BEGIN

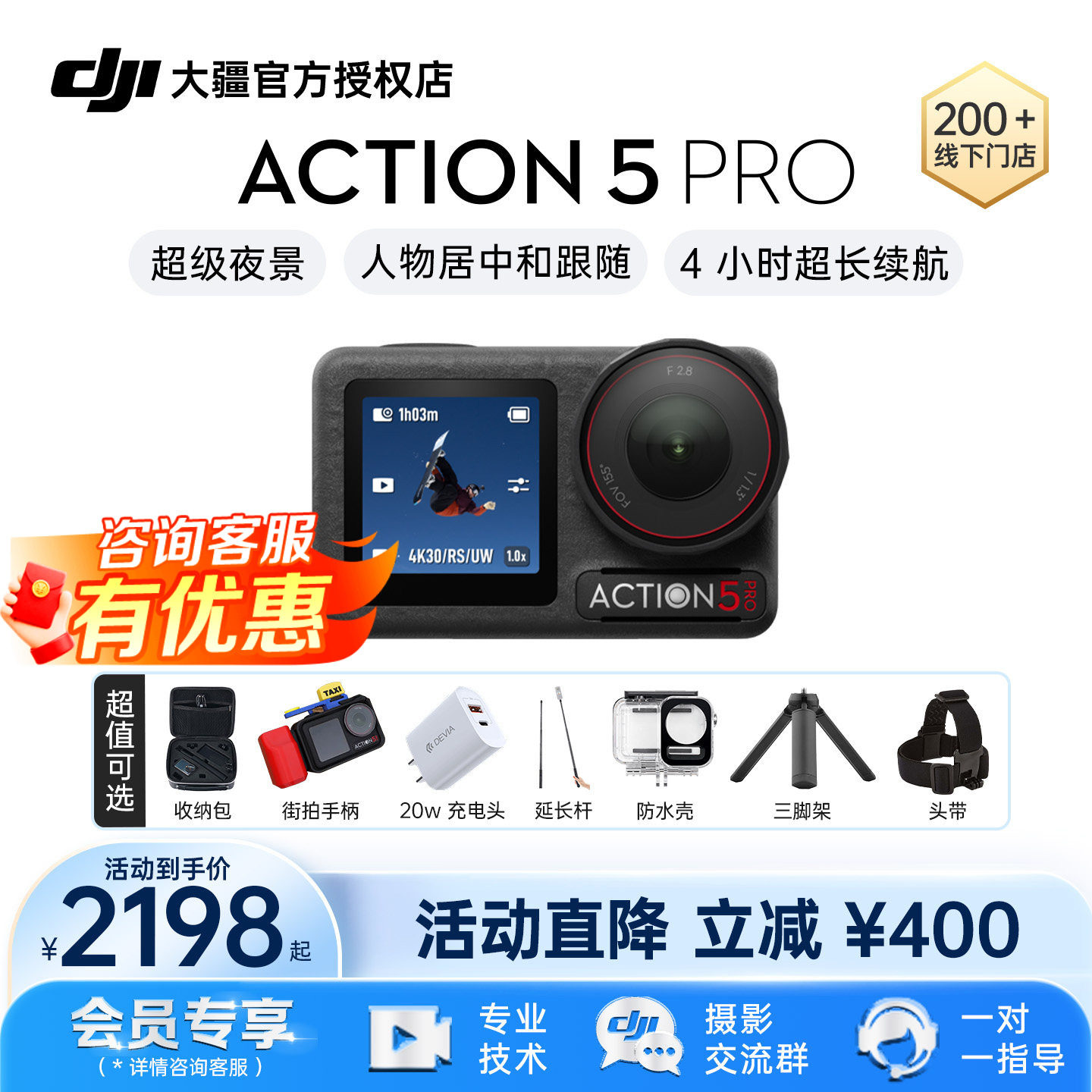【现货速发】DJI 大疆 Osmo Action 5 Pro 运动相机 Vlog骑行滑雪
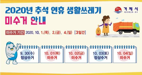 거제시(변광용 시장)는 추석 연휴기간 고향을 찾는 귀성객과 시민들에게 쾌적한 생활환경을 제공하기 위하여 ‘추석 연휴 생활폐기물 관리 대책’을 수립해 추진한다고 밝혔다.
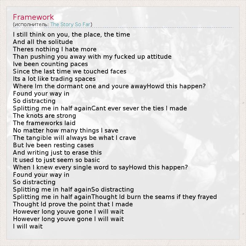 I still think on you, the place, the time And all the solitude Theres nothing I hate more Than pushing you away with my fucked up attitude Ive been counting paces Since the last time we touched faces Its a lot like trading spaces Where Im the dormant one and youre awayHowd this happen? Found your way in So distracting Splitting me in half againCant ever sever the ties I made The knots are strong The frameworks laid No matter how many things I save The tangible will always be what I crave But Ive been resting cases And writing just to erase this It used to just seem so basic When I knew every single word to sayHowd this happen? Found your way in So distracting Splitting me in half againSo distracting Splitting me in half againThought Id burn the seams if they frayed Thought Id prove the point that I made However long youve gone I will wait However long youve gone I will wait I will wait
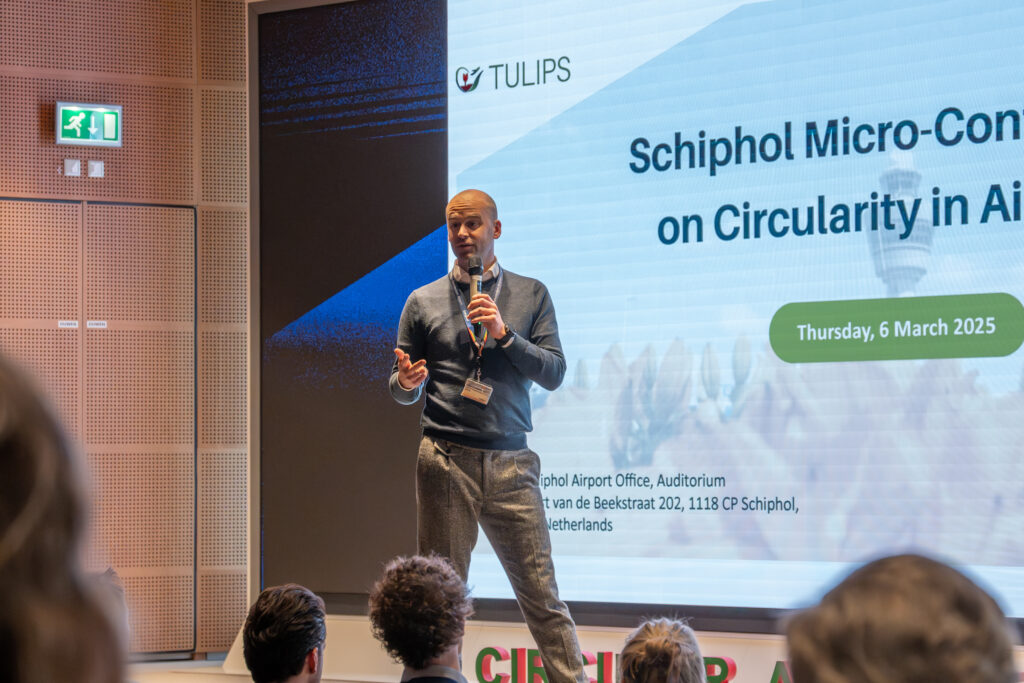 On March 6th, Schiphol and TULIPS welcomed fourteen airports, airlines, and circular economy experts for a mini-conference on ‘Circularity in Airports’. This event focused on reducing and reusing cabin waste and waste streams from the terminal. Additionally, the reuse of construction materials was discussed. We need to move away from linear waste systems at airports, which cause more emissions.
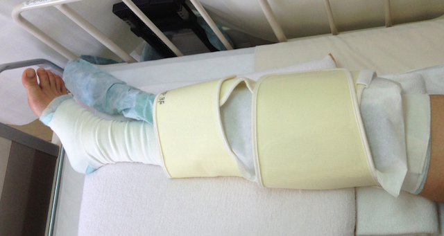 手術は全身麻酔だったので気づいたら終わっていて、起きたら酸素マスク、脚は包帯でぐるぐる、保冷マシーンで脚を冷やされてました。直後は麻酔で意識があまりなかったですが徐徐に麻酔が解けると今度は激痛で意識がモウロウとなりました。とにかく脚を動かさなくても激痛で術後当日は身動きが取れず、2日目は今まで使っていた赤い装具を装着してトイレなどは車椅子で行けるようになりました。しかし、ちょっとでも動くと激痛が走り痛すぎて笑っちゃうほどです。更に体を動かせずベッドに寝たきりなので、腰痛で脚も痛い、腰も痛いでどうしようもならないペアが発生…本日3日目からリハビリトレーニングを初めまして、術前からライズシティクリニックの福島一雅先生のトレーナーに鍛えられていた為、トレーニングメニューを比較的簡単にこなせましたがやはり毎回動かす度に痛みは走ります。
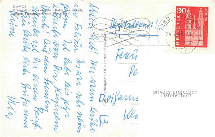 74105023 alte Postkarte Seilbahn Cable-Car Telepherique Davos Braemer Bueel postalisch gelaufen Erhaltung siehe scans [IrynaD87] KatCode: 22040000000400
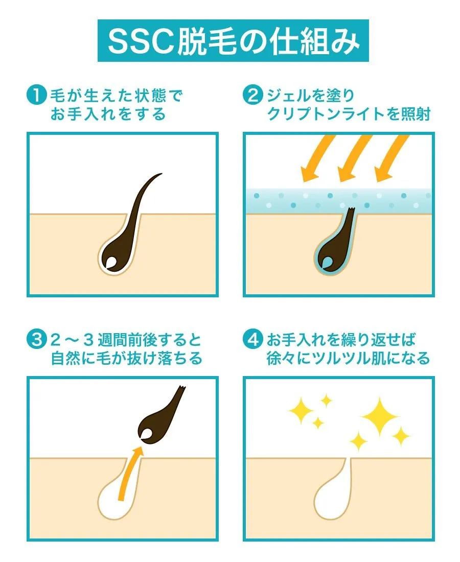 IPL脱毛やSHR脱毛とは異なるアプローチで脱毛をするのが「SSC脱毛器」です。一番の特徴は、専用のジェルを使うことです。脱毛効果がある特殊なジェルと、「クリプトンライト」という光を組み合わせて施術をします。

END
BEGIN

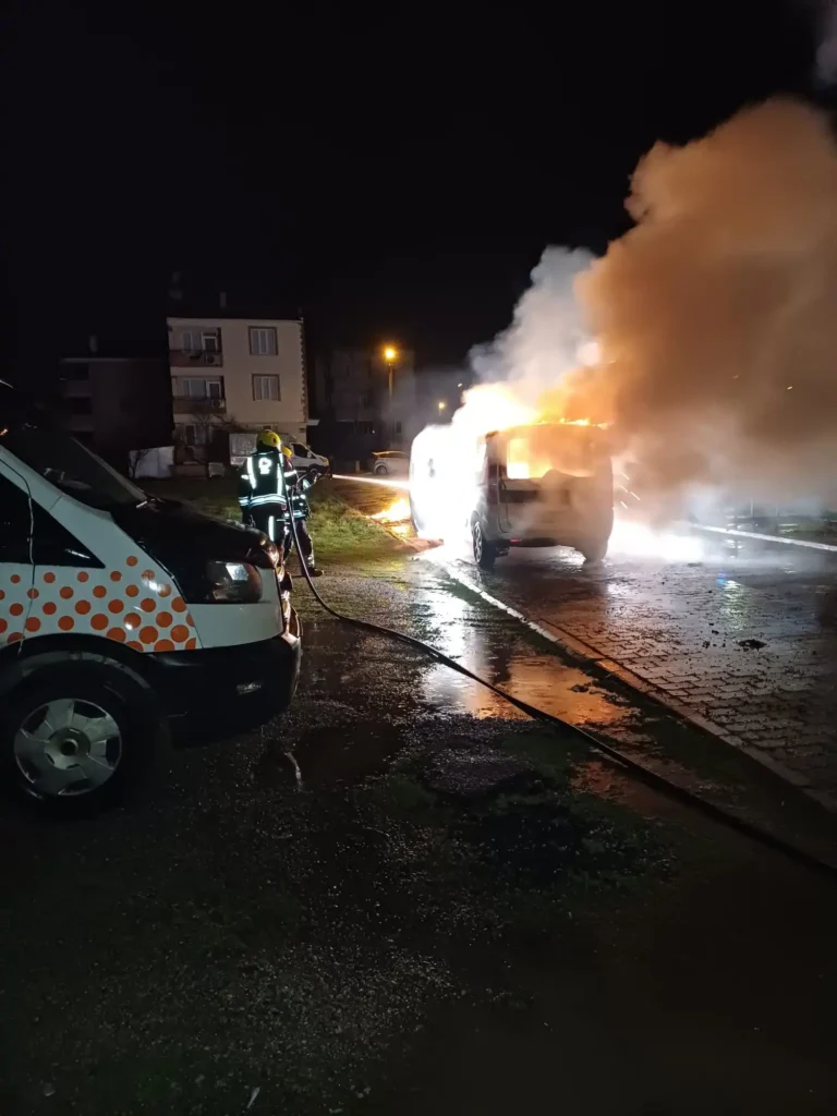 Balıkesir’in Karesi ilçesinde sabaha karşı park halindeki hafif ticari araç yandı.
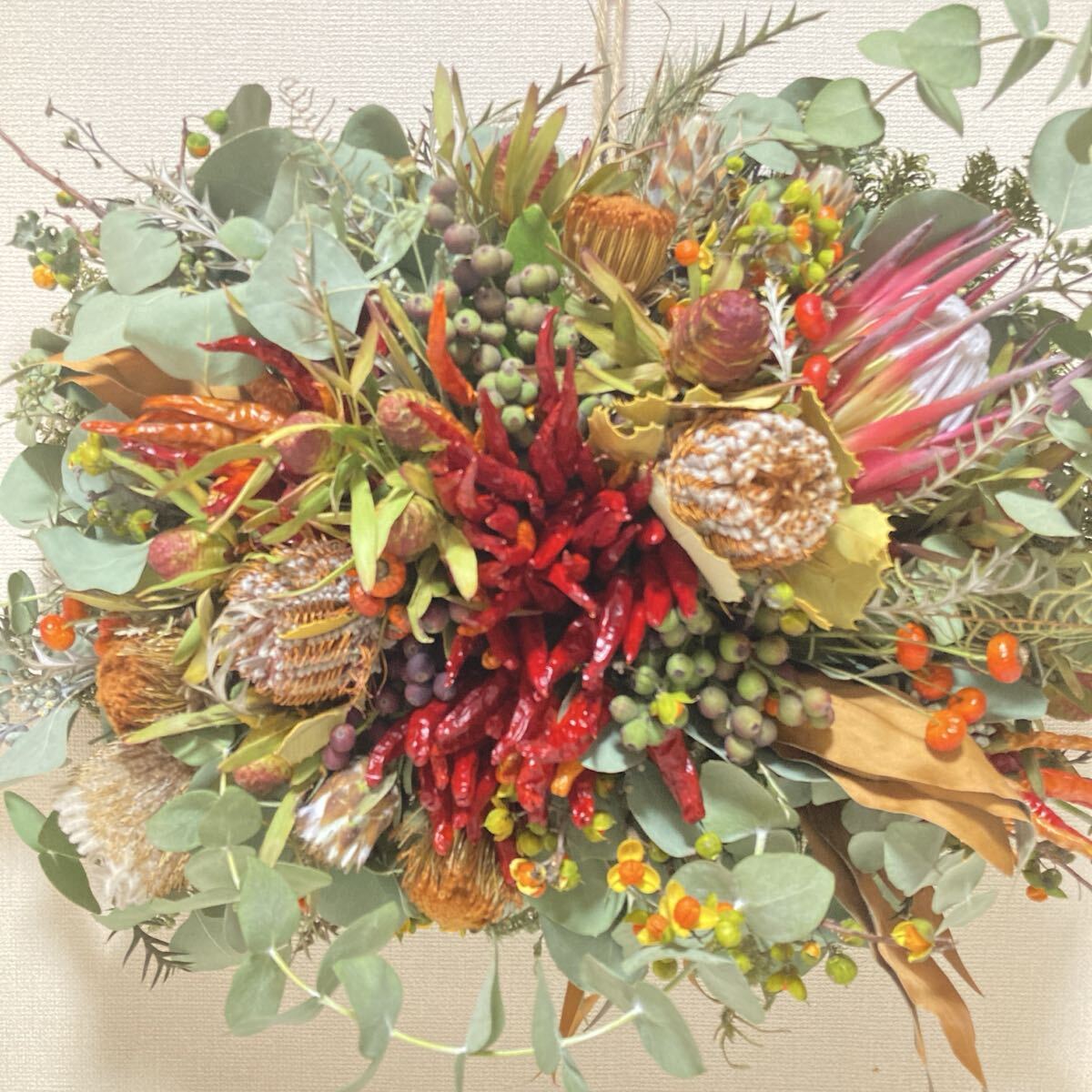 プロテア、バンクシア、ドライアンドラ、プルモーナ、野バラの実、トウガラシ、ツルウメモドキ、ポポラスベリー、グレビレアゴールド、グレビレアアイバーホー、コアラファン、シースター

END

Look above for the line with "Balıkesir’in Karesi ilçesinde", then print it and each line after it down to and including the line with "プロテア、バンクシア、ドライ". Leave out the pictures and keep the wording exact.

[Answer space]
 Balıkesir’in Karesi ilçesinde sabaha karşı park halindeki hafif ticari araç yandı.
 プロテア、バンクシア、ドライアンドラ、プルモーナ、野バラの実、トウガラシ、ツルウメモドキ、ポポラスベリー、グレビレアゴールド、グレビレアアイバーホー、コアラファン、シースター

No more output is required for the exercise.